Real Estate Crowdfunding: Crowdfunding often involves a larger number of investors, contributing smaller amounts of money through an online platform. Investors usually invest in a specific project or portfolio without direct ownership. The platform acts as an intermediary, and investors typically have a more passive role, relying on the sponsor or platform to manage the investment.

2.   Investor Involvement:


Real Estate Syndication: Investors in a syndication typically have more direct involvement in the decision-making process. They may have voting rights on major decisions, and their level of influence depends on their ownership stake. 
 
Real Estate Crowdfunding: Crowdfunding investors are generally more passive. They invest in a project but often have limited influence on the day-to-day decisions. The platform or sponsor manages the property, and investors receive returns based on the terms set forth in the investment.

3.   Minimum Investment:


Real Estate Syndication: Syndications often require larger minimum investments. The barrier to entry can be higher, making it more suitable for investors with some larger capital available. Most syndication companies are only able to offer its investment opportunities to Accredited Investors

Real Estate Crowdfunding: Crowdfunding platforms typically have lower minimum investment requirements, allowing a more diverse group of investors to participate. Those platforms and offerings are often times open to non-accredited investors.

4. Deal Sourcing:


Real Estate Syndication: Syndicators often source deals through their network, relationships, and industry expertise. The syndicator may also contribute their own capital to the project.
 
Real Estate Crowdfunding: Crowdfunding platforms act as intermediaries that source and vet deals. Investors select from the projects listed on the platform, and the platform handles the administrative aspects of the investment.

5. Risk and Return:


Real Estate Syndication: Investors in a syndication generally take on a more active role and, therefore, may have the potential for higher returns. However, they also bear a proportionate share of the risks and responsibilities.
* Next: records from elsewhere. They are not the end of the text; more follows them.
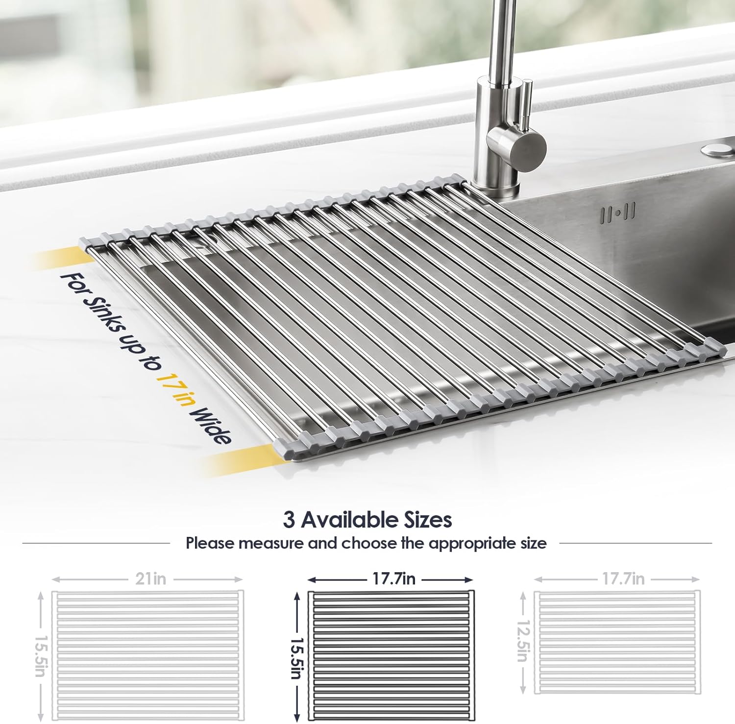 - [Universal Fit] - Choose from our three sizes: 17.7 x 12.5in, 17.7 x 15.5in, 21 x 15.5in to fit your sink. Confirm sink size and select from options above on this page. Current selection: 17.7 x 15.5in
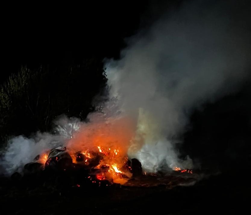 W Brzechowie gmina Daleszyce doszło do pożaru 50 sztuk balotów siana.
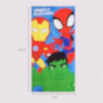 Pyyhe on virallisesti lisensoitu ja sen mitat ovat 70 x 140 cm, joten siinä on runsaasti tilaa kuivata itsensä tai levätä auringossa. Käytännöllinen lisävaruste kaikille lapsille, jotka eivät saa tarpeekseen Spideystä ja hänen sankarijoukkueestaan.
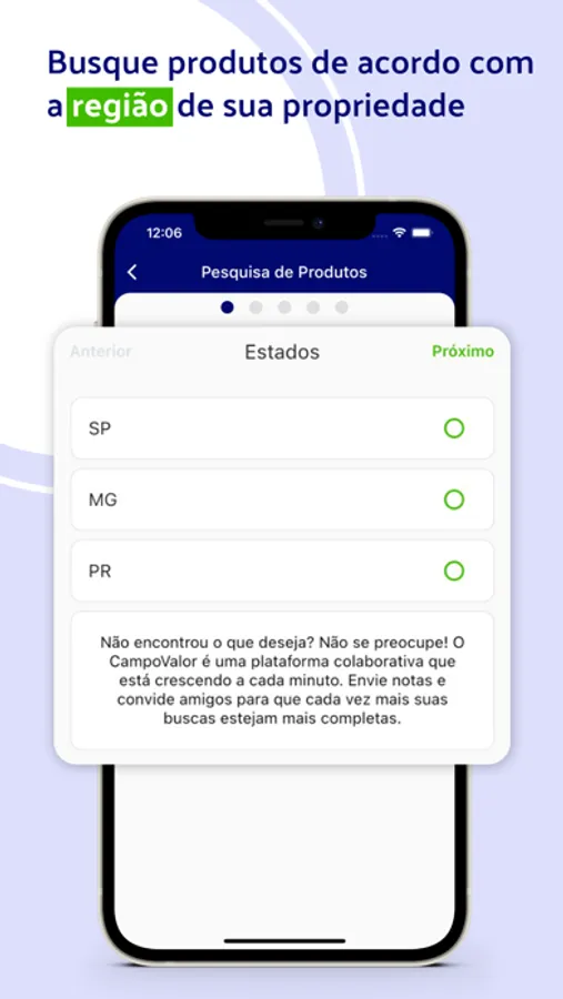 O Aplicativo Campo Valor permite a seus usuários, de forma gratuita e segura, a melhor negociação possível junto aos fornecedores agro, por meio do compartilhamento de informações de compras reais realizadas anteriormente.

Real Estate Crowdfunding: Crowdfunding investors typically have a more hands-off approach, which may result in more moderate returns. However, they also have less direct exposure to the day-to-day management of the property.


Which Type is Right for You? 


Both real estate syndication and crowdfunding have their advantages and are suitable for different types of investors based on their preferences, accredited status, and investment goals.


How to Start Investing in Real Estate Syndication


To get started, do your research of finding a crowdfunding/syndication service that is right for you.

Gatsby Investment, is a Los Angeles-based real estate syndication company, with a history of providing exceptional returns to investors. With a strong niche of focusing on value-add and ground-up construction projects, Gatsby has generated an average annualized return of 23% to its investors between 2017-2023. 

Sign up with Gatsby today and choose your real estate investment project(s) to be part of the real estate crowdfunding and syndication revolution.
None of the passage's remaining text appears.